- [Exercise goal]:
Each entry should be printed exactly, with its images omitted.

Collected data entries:
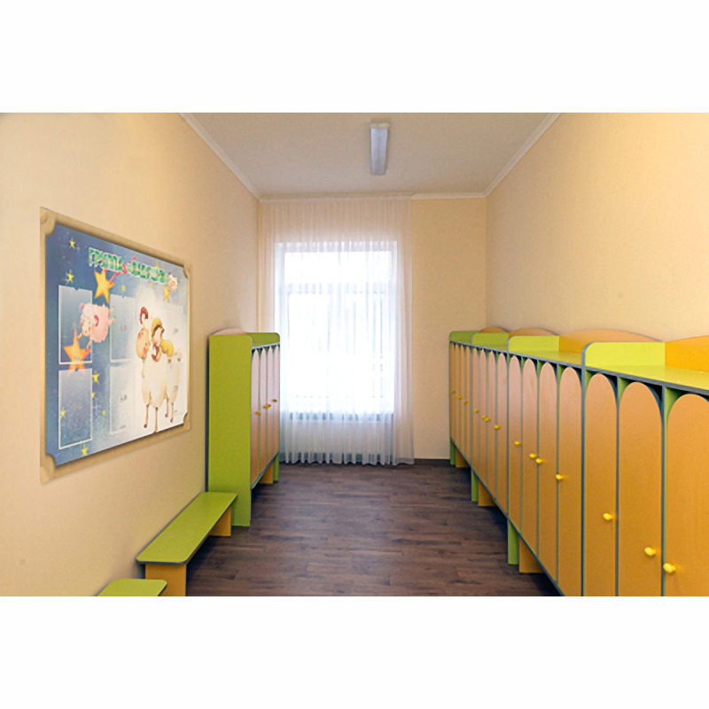 Группа для самых маленьких по достоинству оценит дизайн этого стенда. Малышей порадуют веселые барашки, которые мчатся по небу. Внимательные дети найдут желтые звездочки в вечернем небе.
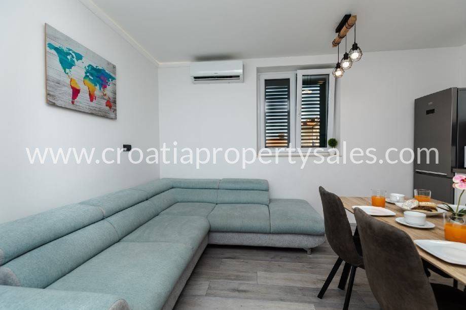 In the city center, in a nice location, an apartment on the 3rd floor is for sale.The apartment is 75 m2 and is divided into two one-room apartments with separate entrances and a common hall.The apartments are equipped with electronic card locks and a video camera that records the entrance hall.In the hall there is a custom-made wardrobe with two washing machines, as well as additional places for storing bed linen.The apartment was completely renovated in 2021 and is modernly equipped.An ideal investment for renting to tourists, and is currently being used as such.
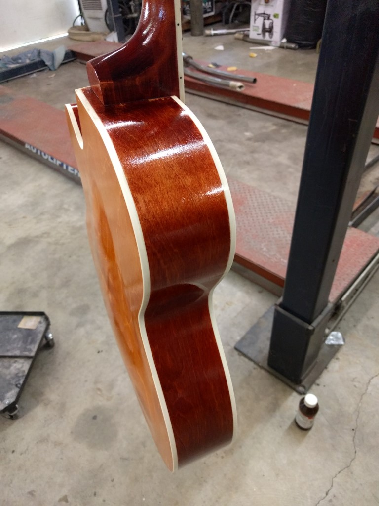 It's really starting to shine! We're finally getting the grain filled and starting to get a nice gloss. Obviously many more coats are needed, but we'll keep at it.
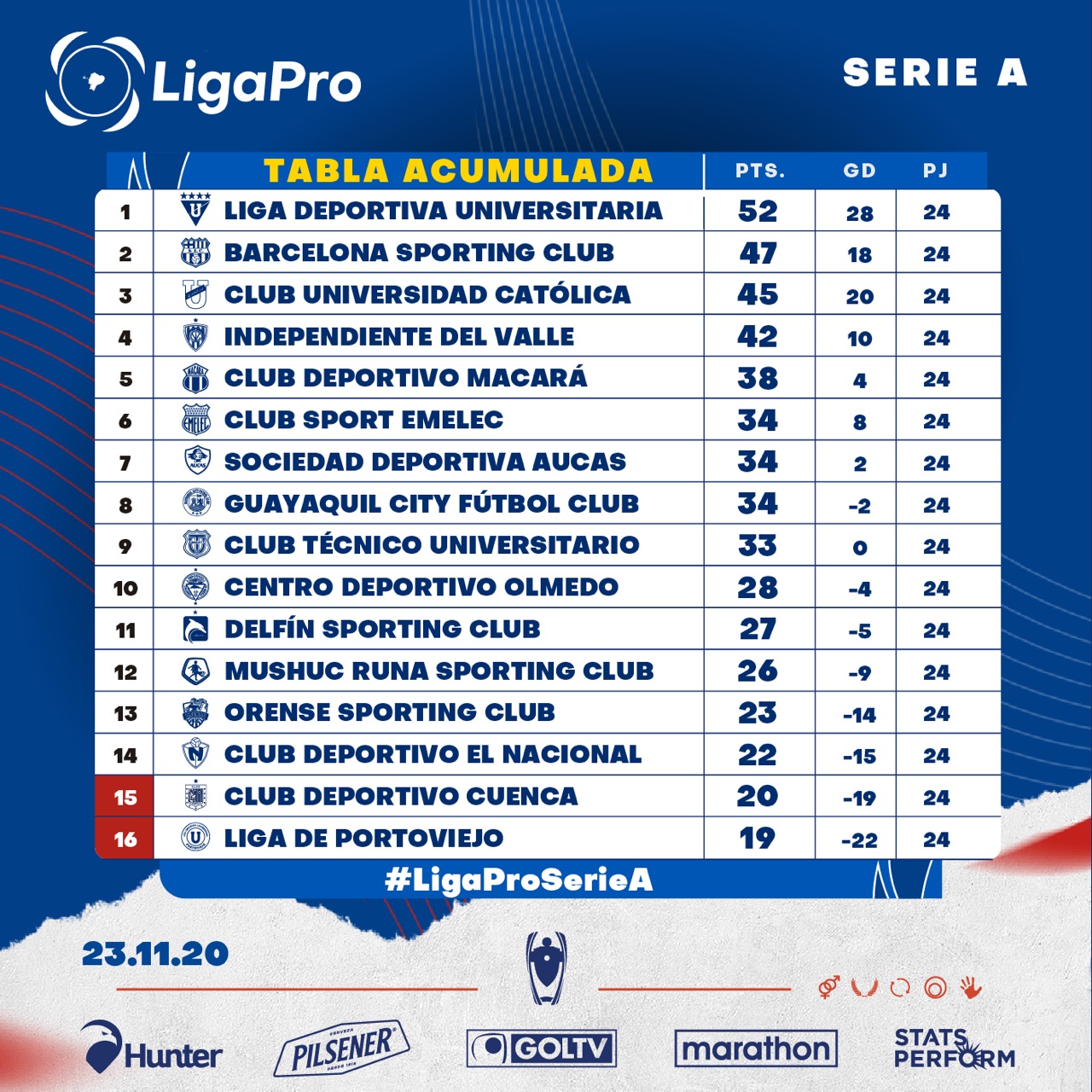 Web Por mifutbolecuador el 20 febrero 2022 32 Selecciona la tabla que quieres revisar. Web Tabla de posiciones del campeonato ecuatoriano de fútbol Serie A 2023 Copa Ecuador sigue los partidos en vivo Tabla de posiciones del campeonato ecuatoriano de fútbol. Web Partidos resultados y tabla de posiciones Jugadores y Cuerpo Técnico Futsal Futsal Femenino Partidos resultados y tabla de posiciones Jugadores y Cuerpo Técnico.
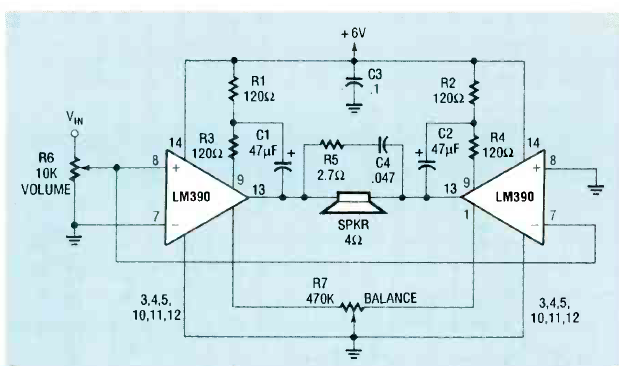 Este circuito fornece uma potência de 2,5 W com alimentação de 6 V e alto-falante de 4 ohms. Encontramos na revista Radio Electronics de abril de 1990.
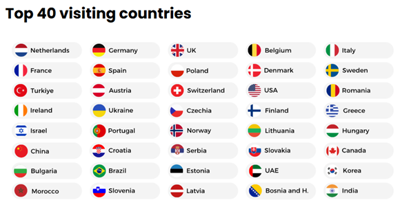 - les services de nos Conseillers Economiques et Commerciaux en poste aux Pays-Bas ou dans les pays où vous souhaitez exporter (75% de visiteurs étrangers) se tiennent à votre disposition pour soutenir vos efforts de prospection réseau à l'étranger.
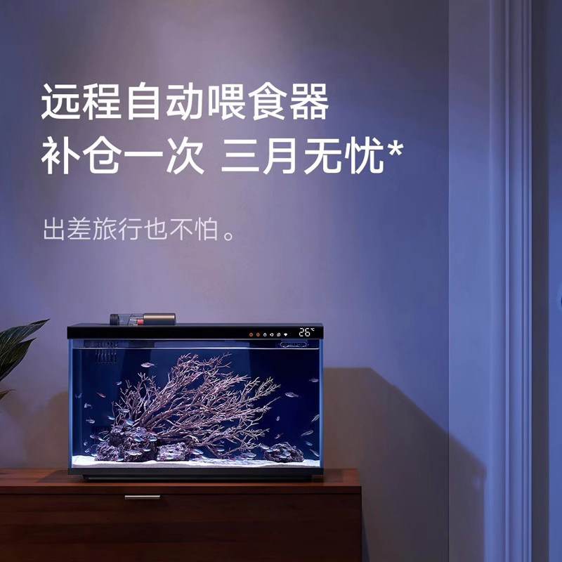 小米米家智能鱼缸是一款专为小型空间设计的桌面生态造景设备,适用于客厅、办公室等场景。集过滤、增氧、照明于一体,内置高效静音水泵与多层过滤系统,有效保持水质清澈,减少换水频率。搭配智能APP远程控制,可定时调节灯光模式、查看水质状态,支持多种氛围灯效,营造自然生态氛围。缸体采用高透光玻璃,搭配简约现代设计,内置沉木、水草等造景元素,打造微型水景生态。小巧不占地,操作简单,适合新手与忙碌人群,让都市生活增添一抹绿意与宁静,是提升空间格调与生活品质的贴心之选。
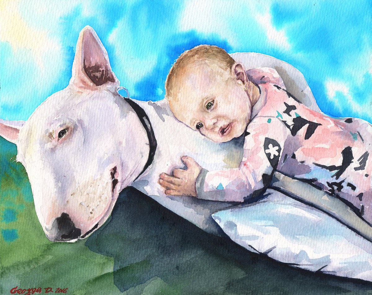 Working with water color & oil paint, his paintings are vibrant & his art just makes you smile. Let’s have a look at his dog portraits.
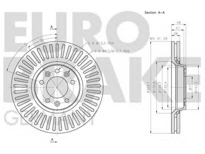 skersmuo [mm]: 304 aukštis [mm]: 48,5 svoris [kg]: 9,84 stabdžių disko tipas: ventiliuojama stabdžių disko storis [mm]: 28 minimalus storis [mm]: 26 centravimo skersmuo [mm]: 71 žiedų angų skaičius: 5 montavimo vieta: priekinė ašis

- [Result of this task]:
 Группа для самых маленьких по достоинству оценит дизайн этого стенда. Малышей порадуют веселые барашки, которые мчатся по небу. Внимательные дети найдут желтые звездочки в вечернем небе.
 In the city center, in a nice location, an apartment on the 3rd floor is for sale.The apartment is 75 m2 and is divided into two one-room apartments with separate entrances and a common hall.The apartments are equipped with electronic card locks and a video camera that records the entrance hall.In the hall there is a custom-made wardrobe with two washing machines, as well as additional places for storing bed linen.The apartment was completely renovated in 2021 and is modernly equipped.An ideal investment for renting to tourists, and is currently being used as such.
 It's really starting to shine! We're finally getting the grain filled and starting to get a nice gloss. Obviously many more coats are needed, but we'll keep at it.
 Web Por mifutbolecuador el 20 febrero 2022 32 Selecciona la tabla que quieres revisar. Web Tabla de posiciones del campeonato ecuatoriano de fútbol Serie A 2023 Copa Ecuador sigue los partidos en vivo Tabla de posiciones del campeonato ecuatoriano de fútbol. Web Partidos resultados y tabla de posiciones Jugadores y Cuerpo Técnico Futsal Futsal Femenino Partidos resultados y tabla de posiciones Jugadores y Cuerpo Técnico.
 Este circuito fornece uma potência de 2,5 W com alimentação de 6 V e alto-falante de 4 ohms. Encontramos na revista Radio Electronics de abril de 1990.
 - les services de nos Conseillers Economiques et Commerciaux en poste aux Pays-Bas ou dans les pays où vous souhaitez exporter (75% de visiteurs étrangers) se tiennent à votre disposition pour soutenir vos efforts de prospection réseau à l'étranger.
 小米米家智能鱼缸是一款专为小型空间设计的桌面生态造景设备,适用于客厅、办公室等场景。集过滤、增氧、照明于一体,内置高效静音水泵与多层过滤系统,有效保持水质清澈,减少换水频率。搭配智能APP远程控制,可定时调节灯光模式、查看水质状态,支持多种氛围灯效,营造自然生态氛围。缸体采用高透光玻璃,搭配简约现代设计,内置沉木、水草等造景元素,打造微型水景生态。小巧不占地,操作简单,适合新手与忙碌人群,让都市生活增添一抹绿意与宁静,是提升空间格调与生活品质的贴心之选。
 Working with water color & oil paint, his paintings are vibrant & his art just makes you smile. Let’s have a look at his dog portraits.
 skersmuo [mm]: 304 aukštis [mm]: 48,5 svoris [kg]: 9,84 stabdžių disko tipas: ventiliuojama stabdžių disko storis [mm]: 28 minimalus storis [mm]: 26 centravimo skersmuo [mm]: 71 žiedų angų skaičius: 5 montavimo vieta: priekinė ašis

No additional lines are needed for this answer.